Monday, June 7, 2010

Understanding Tradition



It’s the usual end of school year stuff. Field days and class picnics. Permission slips constantly stacked on the kitchen table, waiting for a quick signature and a couple of bucks. This year it’s been crazier than usual. Graduation requirements and activities seem to dominate the calendar.

We’ve made it through one big event - Senior Prom. My girl had a blast and returned home safely so I’d have to say it was a huge success. She surrounded herself with great friends, wore a beautiful dress she already owned (boy, did I get off easily on that one) and spent the afternoon before the dance getting ready with a handful of pals.

Once the transformations were complete, the whole gang met up at a town park and the pack of moms took way too many pictures. “Let’s have you all turn this way…okay, not that way…okay, now just the girls…okay, now everyone over by the tree…”
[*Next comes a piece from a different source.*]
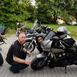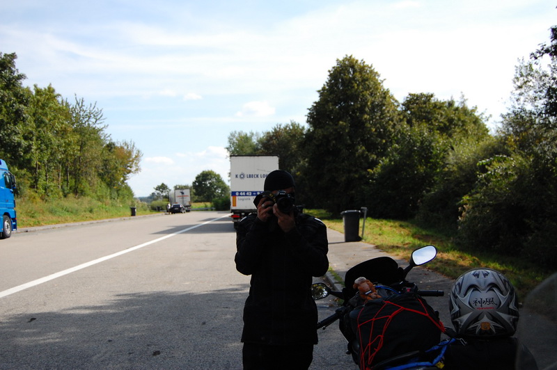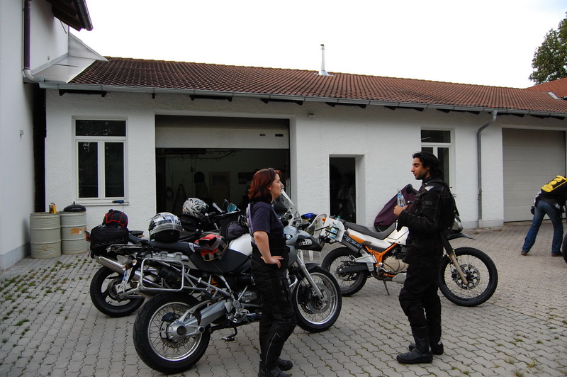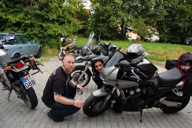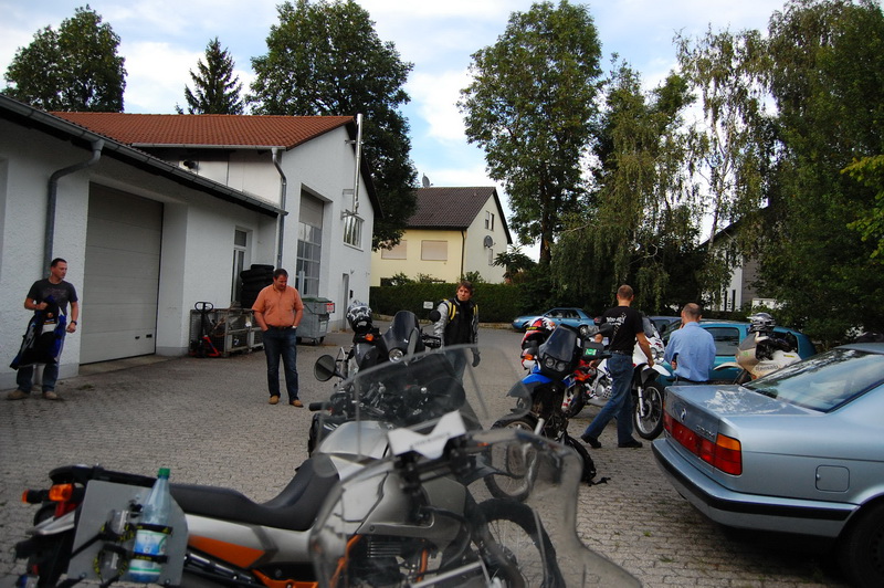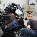 spruchte ich, als ich heute Nachmittag einen Bekannten auf einem Autobahnrastplatz aufgabelte und ihm sein Erste Hilfe Kit uebergab ((welches die Maschinenbaeuerin fuer ihn besorgte, wegen der Oesterreichdurchfahrt)). Er ist auf einem „Kurzausflug“ nach Kaernten. Kurz ist allerdings nur die zur Verfuegung stehende Zeit, die Distanz ist London – Klagenfurt. Da er es in einem Rutsch fahren will um seine Angebete zu sehen ((wofuer ich vollstes Verstaendnis habe)), bot ich an im Raum Muenchen fuer Speis, Trank, kurzes Nickerchen ((wollte er aber dann doch nicht)) und eventuelle Gefallen, zur Verfuegung zu stehen. Nach einer guten Tasse Tee, einer Dusche und einem Schwarzbrot mit Schinken ((wer so wenig isst, darf oefter kommen)) sollte es dann weitergehen .. und hier kommt die Kategorie „Fremdgebastel“ ins Spiel. Das Kettenspray, welches man sehr gerne an ihn weitergab, sollte auf eine Fazerkette mit 10 cm Durchhang gesprueht werden. Spruehen auf dem Seitenstaender, da der Hauptstaender gerade eines Bolzens verlustig ging ((Sachen gibts)). Also wurde Beschluss gefasst, dass wir erst mal in die Werkstatt fahren ((also unsere Bastelbude, sind ja nur 15 km oder so)). Dort wurde dann sowohl Hauptstaender befestigt als auch Kette ordentlich gespannt. Passenderweise wollte gerade die Affentwintruppe die Werkstatt fuer den Grillabend herrichten, so dass es fuer den Besuch aussah, als wenn hier regelmaessig Abenteurer auf 2 Raedern ihren Abend verbringen. Wir haben ihn dann noch ueber die A99 zur A8 Richtung Salzburg gebracht und beim verabschieden auf einem Rastplatz erinnert, er moege unbedingt die Mautplakette dran machen ((hatte er sich kurz vor Nuernberg schon gekauft, 10 Tage 4,40 EUR)). Tja, vor 2 h noch stolz seine Plakette vorgefuehrt und dann taucht sie nicht mehr auf. Gut, muss eben eine Neue her. Die verlustierte fand ich eben auf dem Boden wo sein Tankrucksack lag. Und dabei hab ich nun gar keine Verwendung fuer sowas. Nun ((es ist grad 22:30h)) muesste er wohl knapp vor seinem Ziel sein. 😉 Gute Reise Mani ((indischer Vorname uebrigens)).

Next on the schedule was the big walk through at the high school. This is a brand new concept to our family. I first heard about it when my daughter went to senior prom a few years ago with a boyfriend. “A walk through? What’s a walk through?” I kept asking my girl. We’ve lived in four states since we’ve had kids in school and I’d never heard of such a thing.
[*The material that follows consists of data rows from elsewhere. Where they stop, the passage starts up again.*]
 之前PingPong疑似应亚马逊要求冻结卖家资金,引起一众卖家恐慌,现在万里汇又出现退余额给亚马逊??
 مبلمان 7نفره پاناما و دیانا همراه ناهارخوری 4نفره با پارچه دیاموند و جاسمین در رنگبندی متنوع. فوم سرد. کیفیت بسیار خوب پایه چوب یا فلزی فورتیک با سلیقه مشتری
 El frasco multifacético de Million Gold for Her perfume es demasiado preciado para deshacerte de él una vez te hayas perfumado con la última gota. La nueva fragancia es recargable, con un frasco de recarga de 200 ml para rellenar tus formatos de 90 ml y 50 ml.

What everyone from this area knows is that a walk through is the chance for parents to come to the high school and watch every single couple walk across the auditorium stage in their fancy outfits. Parents play the paparazzi and take a zillion more pictures. When it’s all over, the kids climb into cars and drive across town for the real dance.

I was very confused by this tradition when my daughter attended with her boyfriend a few years ago and hadn’t come much closer to figuring it out now that it was her official prom. Then someone at work explained it in a different way and it made a lot more sense.
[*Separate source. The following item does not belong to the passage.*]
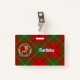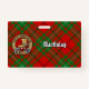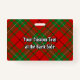 Clan MacAulay crest badge surrounded by a strap and buckle over tartan background. Custom text on both sides.
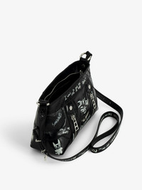 Small vintage-effect patent leather bag with adjustable shoulder strap and signature wings. Description & details - Sunny Mood women's bag in black vintage-effect patent leather - Adjustable leather shoulder strap - Zip closure - Expandable zipped gussets - 6 card slots and 1 interior zipped pocket - Tags print and signature metal wings - Can be worn on the shoulder or cross-body 21 x 12.5 x 8 cm Composition 100% Cow leather Care - Protect your leather item from humidity and any source of heat (radiator, sun) - Avoid your item coming into contact with water - Regularly care for your leather item using a colourless nourishing cream for leather, suitable for leather goods - Ensure you wear your item with similar colours - Avoid overfilling your bag to ensure its durability - In case of stains, contact a leather professional Product code: LWBA03901_NOIR

“It’s a chance to see all those kids, all those friends your kid has had since kindergarten, now all grown up. Some of them you haven’t seen since elementary school and it’s so fun to see how much they’ve matured in high school!”

Well, well, well. That made more sense.

If we’d lived here for the last twelve years, this would have been a very different experience. For me and for my daughter. But we haven’t. We moved here just as she was starting high school. I didn’t know most of those kids who were crossing the stage on prom night. I knew only the handful of kids I’ve slowly come to meet in the past four years. Most of them were at the town park and I’d already taken their pictures. The others are older and younger than my daughter, not seniors, and not involved in this night. It was suddenly very clear to me.

This is what happens when your life choices mean your children attend several schools in their educational careers. There are always new traditions to figure out and new friends to make. Our oldest three have experienced four different school systems, in four different states. Hopefully all three will finish out their school days by walking across the graduation stage at Columbia High School.

Sam is our only child who has a chance to have the full, one school system experience. He started his kindergarten year right down the road from this house, just weeks after we’d moved to New York. So far it has been fun watching him grow up and travel through the ranks at Genet Elementary.

Last week I was on the bleachers behind his school, waiting to see him run his race on field day. He practices for months to run this one event. When big brothers are doing laps for high school track practice, their little brother is in his own training mode, preparing for the closest thing he has to a track meet so far.

I found myself taking more than the usual two dozen pictures. I snapped some of his whole class, standing in a row, waiting their turn on the field. I took some of his classmates, receiving their ribbons and sitting on the sidelines cheering for their friends on the field. It was a conscious choice. Documenting these children, these kids he shares a classroom with each year, knowing that someday I might have a chance to see them all grown up.

There’s a good chance Sam will be in the East Greenbush School District for all twelve years of school. Before he up and moves back to Utah to go to college (he’s made all the plans already) he too will walk across the Columbia stage and receive a diploma. A few weeks before that, he’ll get all dressed up and go to prom. And you can bet I’ll be in that parent audience when walk throughs go down that night.

Because I’ll finally get it. I’ll have the faces of those tall grown up kids seared into my brain as sweet little seven and eight year olds. I’ll have field day pictures from 2008, and 2009, and 2010 to prove it. It will be another season of craziness, getting our last child through the graduation machine.

But it will be a totally different experience.